Stock and Garranchan don’t far as well. The playwrights’ dialogue sounds especially arch when these two actors speak it, and their lack of chemistry together is a little too palpable – even when their characters’ relationship is supposed to be on the fritz.
Christina Groom is amusing and effectively gonzo in three parts, playing a lecherous pulp novelist and a plastered partygoer in addition to Marci; in each one, she leaves an indelible impression. And Powers is a compelling Laura, portraying her character’s coming of age like a naïve wallflower blooming into a fully realized bouquet.
Christine Dolen reviewed for The Miami Herald:
The Kate Moira Ryan-Linda S. Chapman play... is the second show from Fort Lauderdale’s Kutumba Theatre Project, an LGBT-friendly company run by Kim Ehly. The script isn’t as strong as Ehly’s own Baby GirL, Kutumba’s memorable debut production. Yet in new digs at the Galleria Mall’s Galleria Studio Theatre... director Ehly and a strong cast mine Beebo Brinker for not only its noir-style humor but for the sobering, resonant truths about the characters’ search for happiness in a judgmental world.

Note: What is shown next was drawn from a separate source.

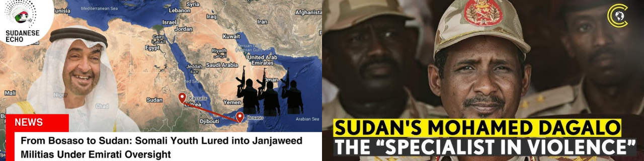 Dalla Primavera Araba in poi gli Emirati Arabi Uniti hanno condotto una campagna controrivoluzionaria in tutto il mondo arabo, finanziando colpi di stato, armando milizie e alimentando guerre per procura. La loro politica estera si basa sul sabotaggio preventivo per sventare le rivolte. Il sostegno degli Emirati Arabi Uniti alle RSF è innegabile: i loro veicoli di trasporto sono di fabbricazione emiratina, equipaggiati con motori britannici. Il flusso di armi dagli Emirati verso la RSF dal Ciad e dalle regioni orientali della Libia è controllato dal Generale Khalifa Haftar, così come mercenari, droni avanzati di fabbricazione cinese, armi leggere, mitragliatrici pesanti, veicoli corazzati, artiglieria da campagna e da mortaio.

Told in cinematically short scenes, the play powers through its weak spots thanks to Kutumba’s engaging cast. Powers makes the beautiful Laura a kind of everywoman’s fantasy, a dream dame who moves from loss, longing and a kind of naiveté to a sophisticated life of consensual adventure. As Beth, Stock isn’t nearly as compelling, though her scenes with Garranchan as Beth’s marriage implodes are effectively intense. Garranchan is playing a cliché of a man, a traditional hubby who can’t fathom why his sexually disinterested wife just can’t clean more and do a better job of bonding with their kids. Yet the actor finds dramatic depth in Charlie’s endless frustration, enriching each of his scenes.

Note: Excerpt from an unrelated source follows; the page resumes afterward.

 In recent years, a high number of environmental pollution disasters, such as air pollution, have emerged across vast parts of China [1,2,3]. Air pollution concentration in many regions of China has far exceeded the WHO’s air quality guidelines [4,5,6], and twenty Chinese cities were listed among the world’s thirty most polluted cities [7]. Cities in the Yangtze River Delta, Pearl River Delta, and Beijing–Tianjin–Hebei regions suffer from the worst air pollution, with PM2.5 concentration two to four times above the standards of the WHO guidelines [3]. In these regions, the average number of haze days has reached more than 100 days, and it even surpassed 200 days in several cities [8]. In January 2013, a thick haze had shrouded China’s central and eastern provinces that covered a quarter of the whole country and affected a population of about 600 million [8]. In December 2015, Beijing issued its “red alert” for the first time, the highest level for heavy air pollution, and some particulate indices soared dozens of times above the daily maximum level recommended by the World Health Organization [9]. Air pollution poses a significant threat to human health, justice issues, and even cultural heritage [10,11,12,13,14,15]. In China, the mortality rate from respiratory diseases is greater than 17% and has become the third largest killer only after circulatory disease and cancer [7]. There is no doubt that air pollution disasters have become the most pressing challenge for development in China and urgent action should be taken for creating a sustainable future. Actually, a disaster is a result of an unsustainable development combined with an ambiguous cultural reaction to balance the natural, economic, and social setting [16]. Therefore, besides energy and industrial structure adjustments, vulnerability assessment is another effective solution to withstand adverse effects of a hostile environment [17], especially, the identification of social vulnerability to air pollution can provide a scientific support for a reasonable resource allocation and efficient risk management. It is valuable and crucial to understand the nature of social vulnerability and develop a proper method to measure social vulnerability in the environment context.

Fridh’s Beebo is both commanding and alluring, a tough gal who is as needy and vulnerable as anyone, despite her contention that nothing in the game of love (or sex) really matters. Stabile (Fridh’s real-life hubby) is charming and funny as Jack, Laura’s pragmatic pal, and Groom gets to flaunt her versatility by playing roommate Marcie, slutty Lili and novelist Nina.
Tyler K. Smith’s minimalist gray set design allows for multiple playing areas but doesn’t anchor the piece, and Sean Cutler’s too-stark lighting doesn’t always fit with the mood of a scene. Yet the costumes by Ehly and Melanie Garbo supply plenty of color and period-evocative style, and the sound design by Nicole Stodard and David Hart -- particularly the scene-bridging songs of the era --reinforces the play’s themes.
 Bill Hirschman reviewed for Florida Theater On Stage:
The question nagging Kutumba Theatre Project’s The Beebo Brinker Chronicles was what did it want to be? Farce? Drama? Satire? Soap opera? A lampoon of 1950’s pulp novels? An homage to 1950’s pulp novels? None of the above? Most likely, all of the above.

Chronicles wasn’t awful; it just didn’t gel. At one point, a character says, “It’s hard to take a walking, talking cliché seriously.” Precisely.
Whatever grooves the playwrights and Ehly were trying to create, only two of the six actors came close to convincingly inhabiting them: Fridh’s archetypical Beebo and Groom as a trio of characters including the not-too-bright roommate. Groom, as a dissolute party guest, nails the tone when she holds out an unlit cigarette and asks someone, “So, I have to find my own flint and rock?”
Otherwise, while the entire earnest cast was trying hard, most of the acting was more wooden than a Louisville slugger, baby, as Beebo would say. The leaden sledgehammer dialogue didn’t help.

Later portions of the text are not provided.